# Wonder Drive (rev2)



## Mourguitars (Sep 14, 2019)

Fairly easy build , tightens up the low end  and adds bite to my 5150 pre...very cool build sounds awesome, i really like my boost/OD's !


Mike


https://imgur.com/AfAqhlx


This blue LED is very bright..



https://imgur.com/z2Wj71J


----------



## Mourguitars (Nov 18, 2019)

I gotta admit this is a very great drive , it plays very well with every amp and preamp i put it in front off...

Its a toss up between this and the LGSM w/green LED's as my favorites  or go to PedalPCB's I've built so far...ive been playing more than building as of late..very inspiring builds for sure...its a good thing !

Mike



https://imgur.com/vvlCjP9


----------



## Chuck D. Bones (Nov 18, 2019)

Very pretty.  Is that a Tayda pre-drilled box?  This device uses the opamp for distortion, so feel free to try other opamps for some different overdrive sounds.


----------



## geekmacdaddy (Nov 18, 2019)

clean and mean. nice.


----------



## Barry (Nov 19, 2019)

Looks great!


----------



## Mourguitars (Nov 19, 2019)

Chuck D. Bones said:


> Very pretty.  Is that a Tayda pre-drilled box?  This device uses the opamp for distortion, so feel free to try other opamps for some different overdrive sounds.

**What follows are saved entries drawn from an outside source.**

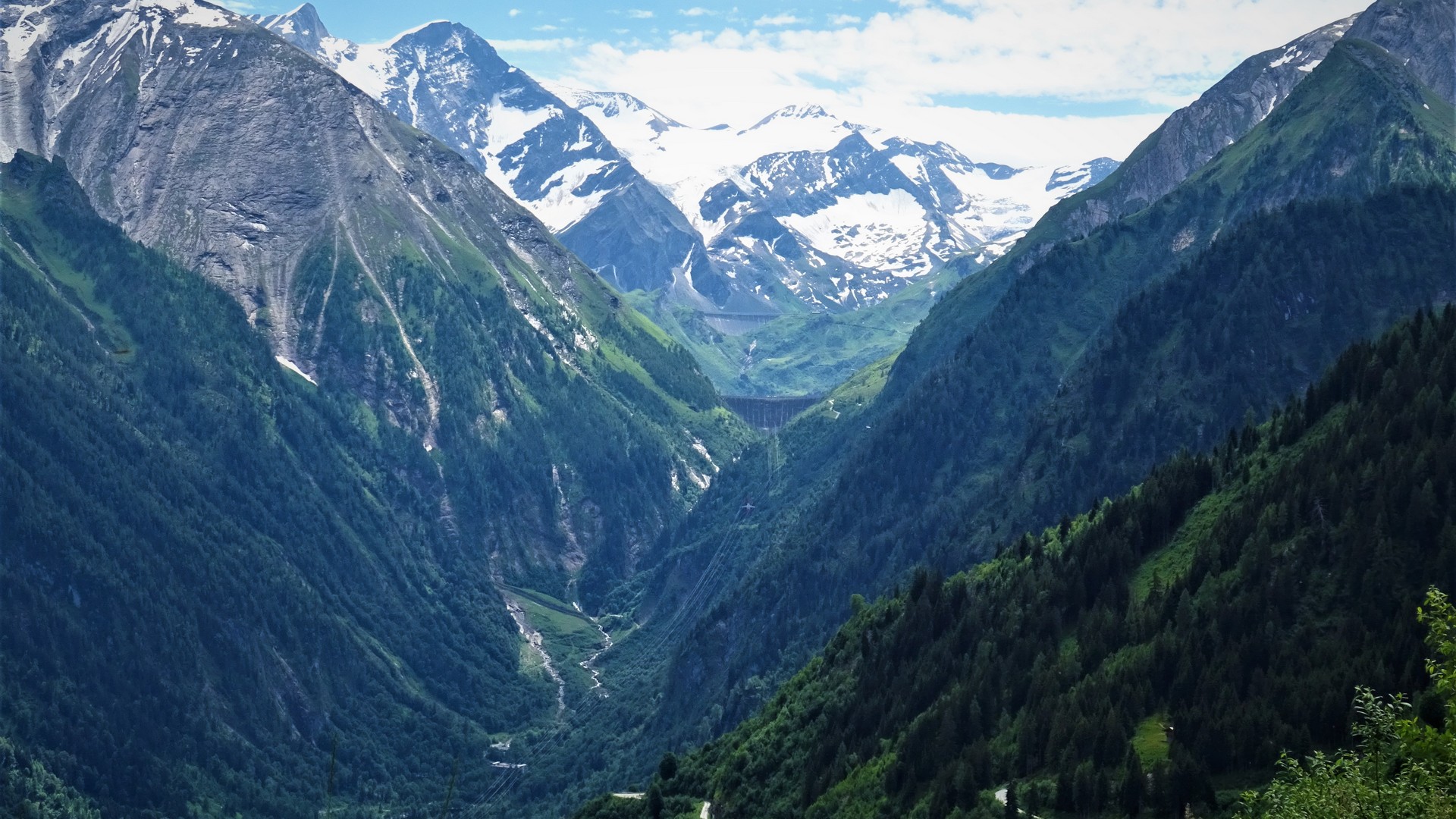 Perspektive vom Maiskogel direkt zu den Staumauern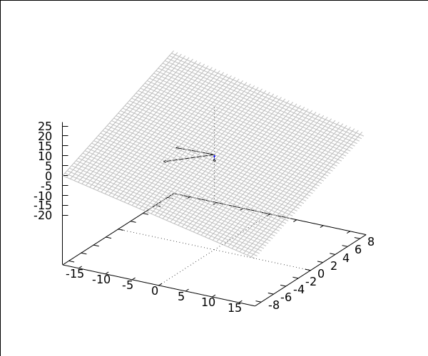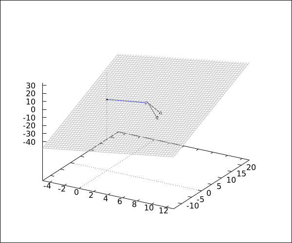 Ook vlakken in de 3-dimensionale ruimte kunnen we beschrijven met behulp van parametervoorstellingen. We kiezen weer een vaste oorsprong #\vec{0}# in de ruimte. Voor een vlak hebben we één steunvector nodig en twee richtingsvectoren en (dus) twee parameters. Om de parametervoorstelling werkelijk die van een vlak te laten zijn, mogen de twee richtingsvectoren niet op dezelfde lijn door de oorsprong liggen.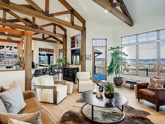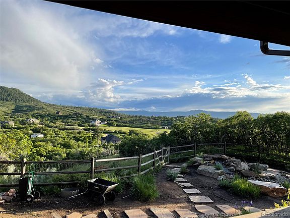 Absolutely stunning custom home with sweeping panoramic views of the front range plus a gorgeous babbling brook water feature all on a private 5.5 acre lot in the prestigious Keene Ranch neighborhood. This Ranch style home has an open floor plan with vaulted ceilings, wood beams, natural hickory wood flooring and a fully finished walkout basement with amazing views from every window! The Gourmet Kitchen has leather granite countertops with and island, GE Monogram appliances including a 6 burner plus BBQ gas range with double ovens warming drawer, Thermador hood with 2 heaters, large refrigerator, microwave, trash compactor, Bosch D.W. Kitchen opens to dining area and wet bar with wine refrigerator. The Great Room has gas fireplace, built-in cabinets & hidden T.V. The spacious Primary Suite has a gas fireplace, attached 5 piece bath with Oversized DbL Head Stem Shower and Jetted Tub. The attached large walk-in closet has built-ins and access to the main level laundry. There is an attached private deck with hot tub hookups. There is an additional main level bedroom with 3/4 bath. The back deck has a screened in porch with motorized shades plus an adjacent area with gas firepit and grill all to enjoy your beautiful Mountain and City Views! The finished walkout basement also has great mtn. views and family room with gas fireplace, wet bar 3 bedrooms, office and Sauna with separate stair case for Primary bdrm. access. There is a large mech/storage area. The property has beautiful landscaping, fenced yard, paved driveway with Security Gate, 3car garage/workshop, generator, security system, sound and lighting system, central vacuum, nest thermostats, remote control blinds, electric dog fence, walking & horse trails. Close to Dawson Butte Open Space, Bear Dance Golf Club, Castle Rock with great shops, entertainment and dining. Amazing views, beautiful home and landscaping, privacy and an abundance of wildlife, come enjoy!

Thanks Chuck...no i drilled , didn't know the OP done the distortion , but recently found out my JMP-1 pre has OP distortion ...i will try different OP for sure !


----------



## Mourguitars (Nov 19, 2019)

Thanks GMD and Barry....ive noticed on the P Touch labeler on some enclosure colors the label stands out more, this was the 1st one i done getting words and images off the net....it has potential . Some colored enclosures you have to look real hard to see if its a label or screened on ! But this is a great drive pedal..


----------